Trop de belles couleurs sont sans âme, trop de belles formes manquent de vie : ni émotion ni amour de la nature. J’en viens à penser que nos joies et nos douleurs valent mieux que toutes les fausses sciences et les vaines théories. « Courage ! et mettons de tout ça dans la peinture ! » écrivait Corot, à propos d’une maladie, d’une souffrance qu’il supportait chrétiennement comme une épreuve (lettre à Auguin, 6 janvier 1875). Et il disait encore : « J’interprète avec mon cœur autant qu’avec mon œil. » Et quel œil ! cependant fut-il jamais un peintre plus peintre que Corot ? N’est-ce pas en lui qu’on trouve le mieux avec le plus de variété, d’abondance et de spontanéité, la « pure substance picturale » ? Rien de moins littéraire que cette œuvre sur laquelle on a pu faire d’ailleurs tant de littérature. Or, dans ses études les plus directes d’après nature, dans ses figures d’après le modèle prosaïquement costumé ; qu’il peigne une usine, un arbre ou le motif le plus quelconque, — il n’y a rien où n’apparaisse son âme, sa belle âme d’idéaliste et de croyant. C’est qu’il mettait de « tout ça » dans sa peinture. Dans le livre si fervent de M. Moreau-Nélaton, monument définitif élevé à la gloire du Maître, on aperçoit, au cours du récit de cette noble existence, l’intime correspondance entre la vie de l’homme et son œuvre, entre ses qualités morales, sa simplicité, sa bonhomie, sa hauteur d’âme et la poésie de ses tableaux. Tout peintre qui n’est pas en quelque façon poète est un mauvais peintre. Il faut peindre comme Corot, avec les yeux et avec le cœur. Et peut-être vaudrait-il mieux que la Raison restât plus souvent derrière la toile.
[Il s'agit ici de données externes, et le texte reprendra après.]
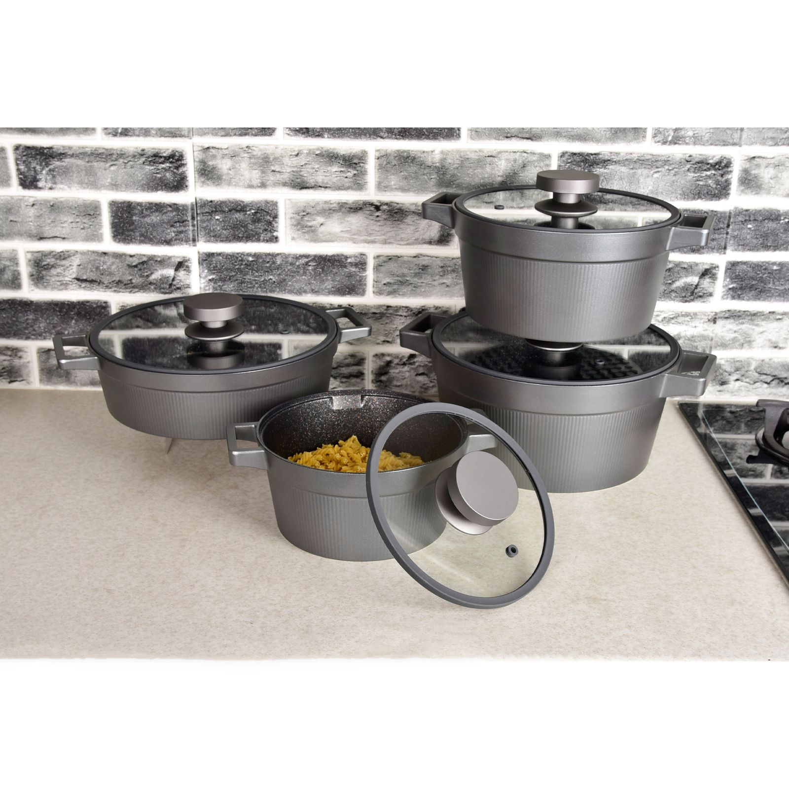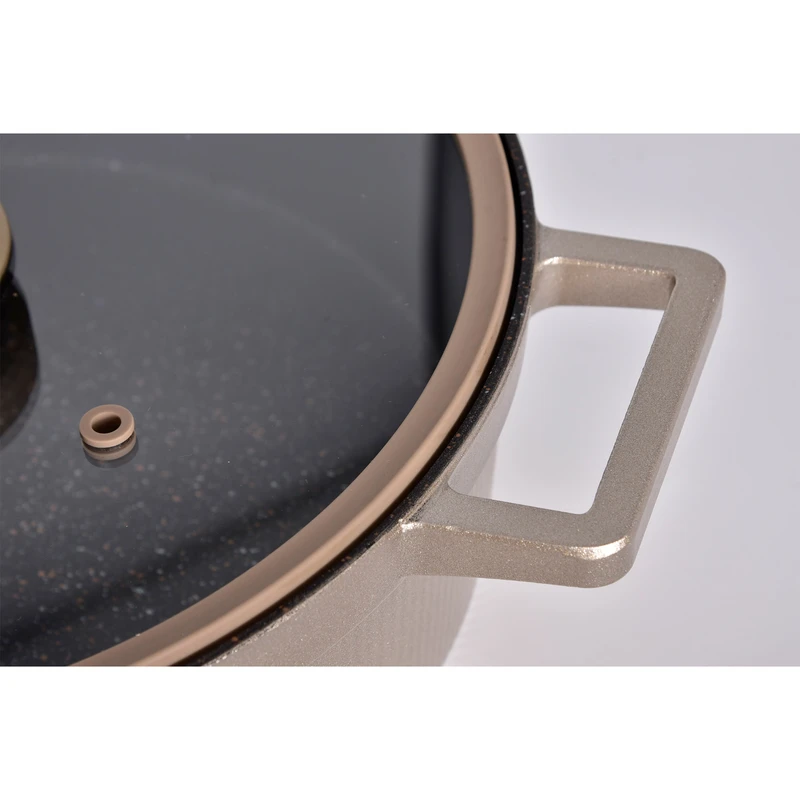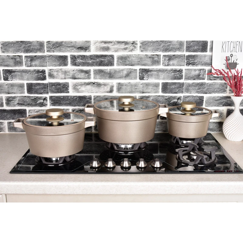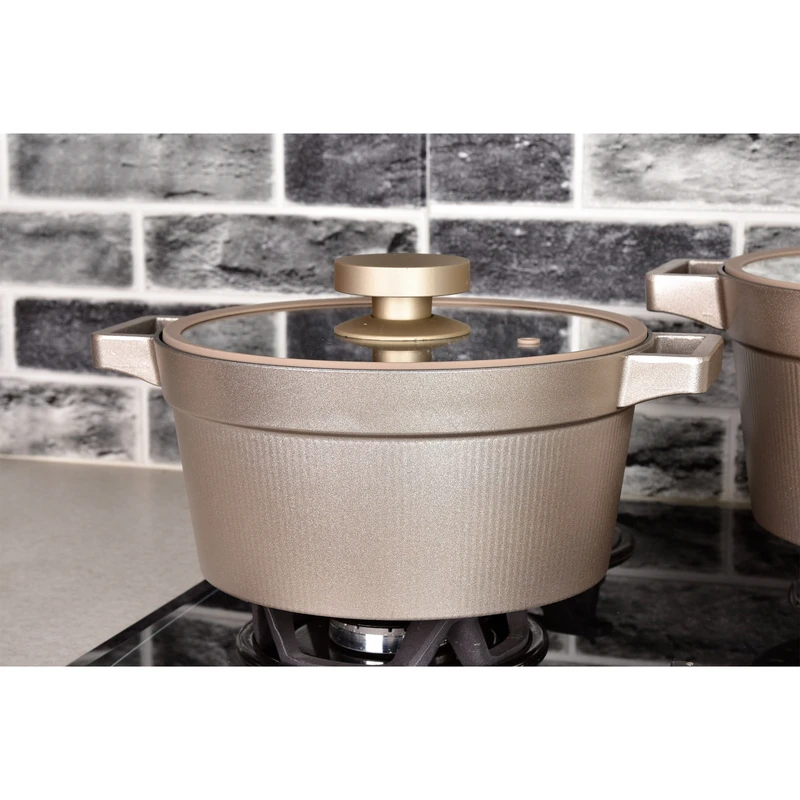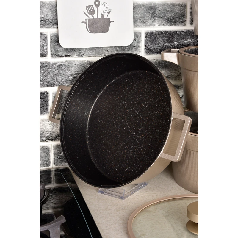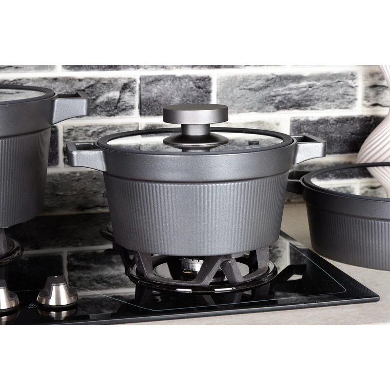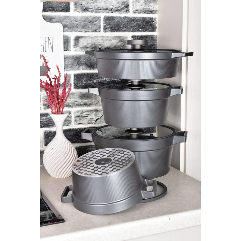 یک قابلمه سایز 20 و یک قابلمه سایز 24 یک قابلمه سایز 28 ، یک تابه دو دسته سایز 28 ، ساختار بدنه چدن ، درب پیرکس فلت

  1. L’Ermitage, 15 juin 1906.
  2. Nous disions dans l’occident, février 1903. à propos d’une exposition de Mme Lisbeth (Delvolvé-Carrière), chez Durand-Ruel : On s’expliquerait volontiers devant les tableaux de Mme Delvolvé-Carrière sur ce qu’il faut entendre par le mot valeurs tant de fois défini et toujurs obscur, matière inépuisable qui alimente les entretiens des peintres.

    Il y a deux sortes de valeurs : les rapports de ton et de lumière et les rapport de teinte ou de couleur. C’est selon qu’on considère les objets comme plus ou moins blancs ou noirs, clairs ou foncés ; ou qu’au contraire on n’en retient que la couleur au sens du prisme, bleu, rouge, jaune, etc., et qu’ainsi on les envisage comme plus ou moins gris ou éclatants. Dans la nature et dans les tableaux de presque tous les peintres, sauf peut-être Eugène Carrière, valeurs de tons et valeurs de teintes se confondent, constituent un seul et même terme du rapport ; on ne les sépare qu’artificiellement : quand on cligne les yeux devant la nature, c’est afin de forcer les contrastes de noir et de blanc, en faisant abstraction de la couleur. On décolore artificiellement les aspects des choses afin d’en mieux sérier les luminosités relatives.

    Les coloristes et spécialement les impressionnistes, avisés et délicats, ne séparent, point ce que Dieu a uni, Ils s’aperçoivent que tout est coloré, même le blanc, même le noir. Point de gamme de tons qui ne soient en même temps pour eux une gamme de teintes, une hiérarchie de couleurs dégradées. Pour eux ce qui est lumière est couleur ; et si leur palette est si vive et variée c’est qu’ils dosent tout ensemble les contrastes des tons et la variété concertante des teintes ; c’est qu’ils notent toutes les phrases, toutes les péripéties, tous les chatoiements de la lutte de l’arc-en-ciel et des ténèbres.

    Or, faites attention que Mme Delvolvé ajoute un coloris frêle et délicat au système de valeurs limité du noir au blanc qu’affectionne son maître Carrière. Mais ce coloris elle ne fait que le superposer à l’établissement des fonds. La pâleur d’une orchidée sa teinte d’un peu de mauve qu’aucune coloration voisine n’exalte ni n’explique. Ainsi elle ne donne pas une sensation de couleur, et les rapports qu’elle institue ne relèvent que d’une définition incomplète des valeurs, celle qui se limite au jeu des luminosités, abstraction faite des teintes.

    Aussi bien le charme que l’artiste en a su tirer est trop réel pour qu’on se plaigne de cet illogisme, d’ailleurs bien féminin, dont elle tempère avec tant de grâce l’austère système de sacrifices qu’elle tient de renseignement paternel.